In the high-stakes race to dominate the AI market, safety is quickly becoming a secondary concern, according to employees on the front lines. AI trainers, the very people tasked with ensuring models are safe and reliable, report that their companies are cutting corners, loosening safety protocols, and prioritizing speed above all else, creating a product they no longer trust.
One of the most alarming changes reported by workers is a shift in how AI handles harmful content. A new policy allows the model to repeat hate speech, stereotypes, and even pornographic material, provided the user prompted it first. This creates a gray area where the AI becomes a tool for amplifying toxicity, a significant departure from previous, stricter guardrails that prohibited such language entirely.

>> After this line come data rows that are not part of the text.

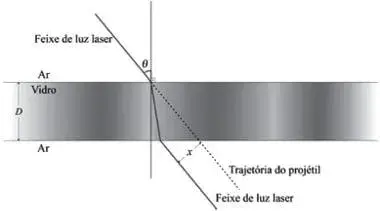 01. (Unirg) Um policial armado com um fuzil de assalto equipado com uma mira laser aponta para um alvo que se encontra atrás de uma janela com um vidro transparente e espesso, como mostrado na figura abaixo. A espessura D do vidro é igual a 2,00 cm, o índice de refração do vidro é igual a 1,5 e o índice de refração do ar é praticamente igual a 1. As trajetórias da bala e do feixe de luz laser incidem na janela de vidro com um ângulo de θ = 60º em relação à reta normal. O vidro da janela tem uma baixa tenacidade e oferece pouca resistência à passagem da bala, de modo que esta segue com sua trajetória retilínea praticamente inalterada. Ao passo que a luz do laser sofre um desvio x levando o policial a mirar em um ponto diferente do que o cano da arma aponta. Com base nessas informações, o desvio x em relação ao ponto alvo e ao ponto atingido será aproximadamente igual a:
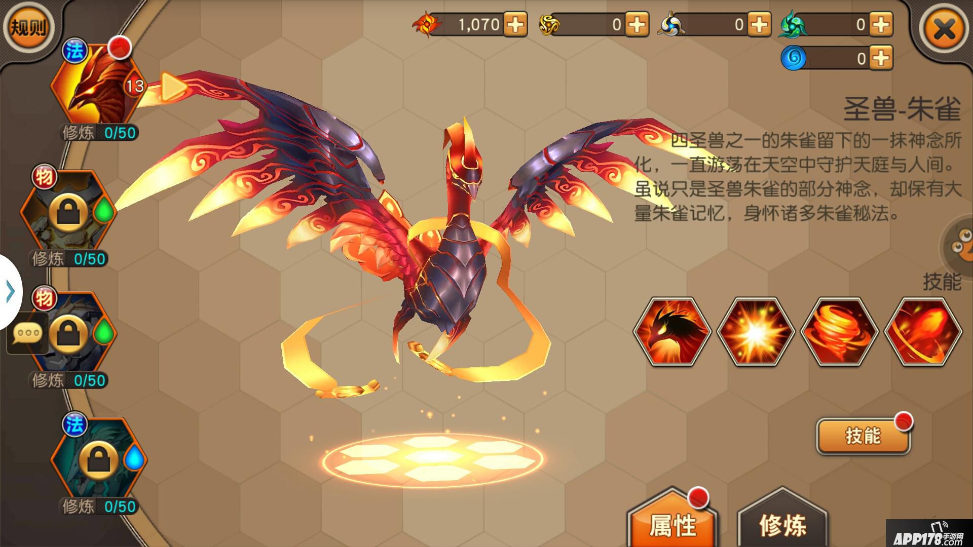 除了神将以外,另搭配圣兽配合作战,圣兽需要通过天赋点来提升技能,28级以后会开启修炼技能,用于强化圣兽的战斗力。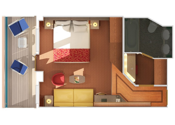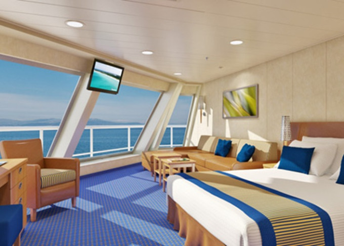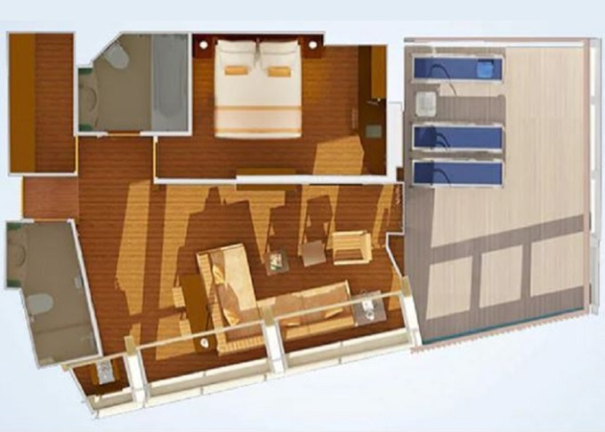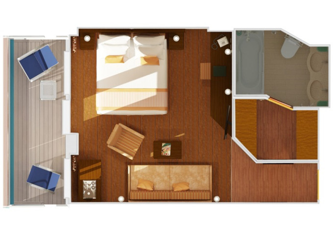 OS - Ocean Suite 25 m² + balkón 6 m². 7. paluba vpredu, stred. Max 4 osoby. Výhody Suite. | 1 324 € 662 € za osobu |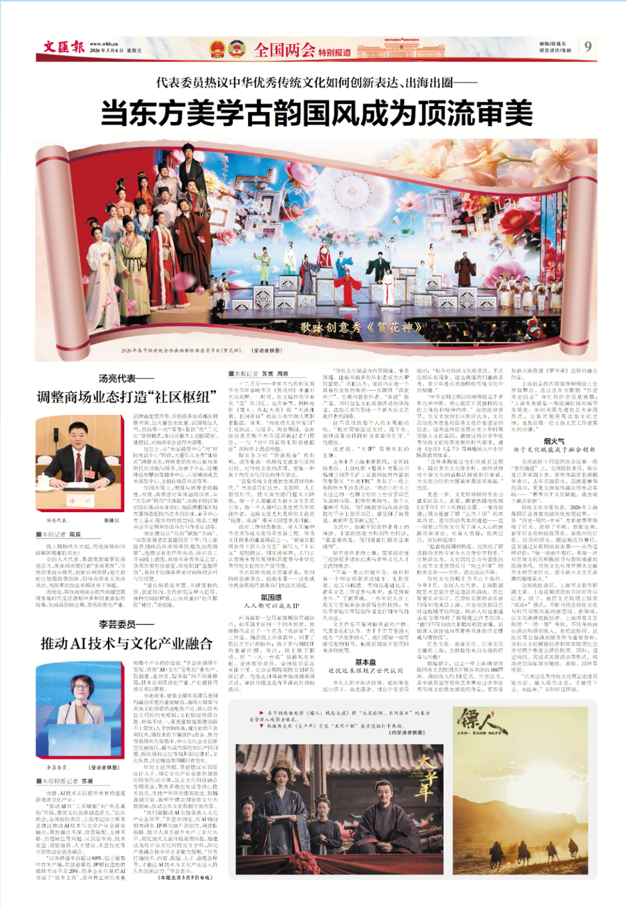 “这是传统文化蓬勃发展最好的时代。”代表委员们认为,互联网、人工智能时代,技术及传播门槛大大降低,每一个人都能成为新大众文艺的主体,每一个人都可以是优质内容的创作者,这给文化尤其是传统文化的“出圈、出海”带来无限想象及可能。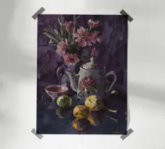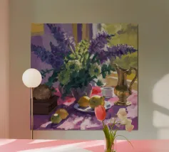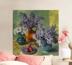Una natura morta con una brocca d'argento riempita con un rigoglioso bouquet di lillà viola e rosa. Un bicchiere di vino rosso e della frutta si trovano su una superficie scura e lucida che riflette gli oggetti.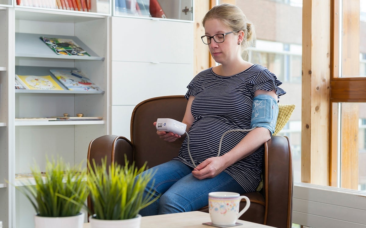 Daarnaast ontwikkelen we in het UMC Utrecht een nieuwe vorm van zorg. Door het inzetten van continue monitoring te verplaatsen naar de thuisomgeving. Hierbij draagt de patiënt eenzelfde draadloze sensor op de borst. Deze meet, vanuit huis, de vitale waarden, zoals de hartslag of de ademhaling. Van minuut tot minuut, 24 uur per dag, 7 dagen per week. Vanuit het ziekenhuis houden monitoringsverpleegkundigen deze waarden continu in de gaten. Ze bieden de patiënt begeleiding op afstand. En kunnen direct zorgprofessionals inschakelen wanneer de patiënt tóch achteruitgaat. Hierdoor kunnen patiënten straks ook in acute situaties veilig en comfortabel in hun eigen, vertrouwde omgeving herstellen.

This “safety last” approach extends to the accuracy of information. Raters are being pushed to evaluate topics far outside their expertise, from complex medical procedures to advanced mathematics. When a worker isn’t qualified, they are told to simply rate the parts they understand. This practice systematically embeds unverified and potentially incorrect information into the AI’s knowledge base, all to keep the production line moving.
The public blunders of AI, such as suggesting glue in pizza, are seen by these insiders as inevitable outcomes of this flawed process. They witness the “crazy stuff” the models generate daily and know that the pressure for quantity over quality means more errors will slip through. Their experience serves as a warning that the industry’s obsession with progress is coming at the cost of public safety.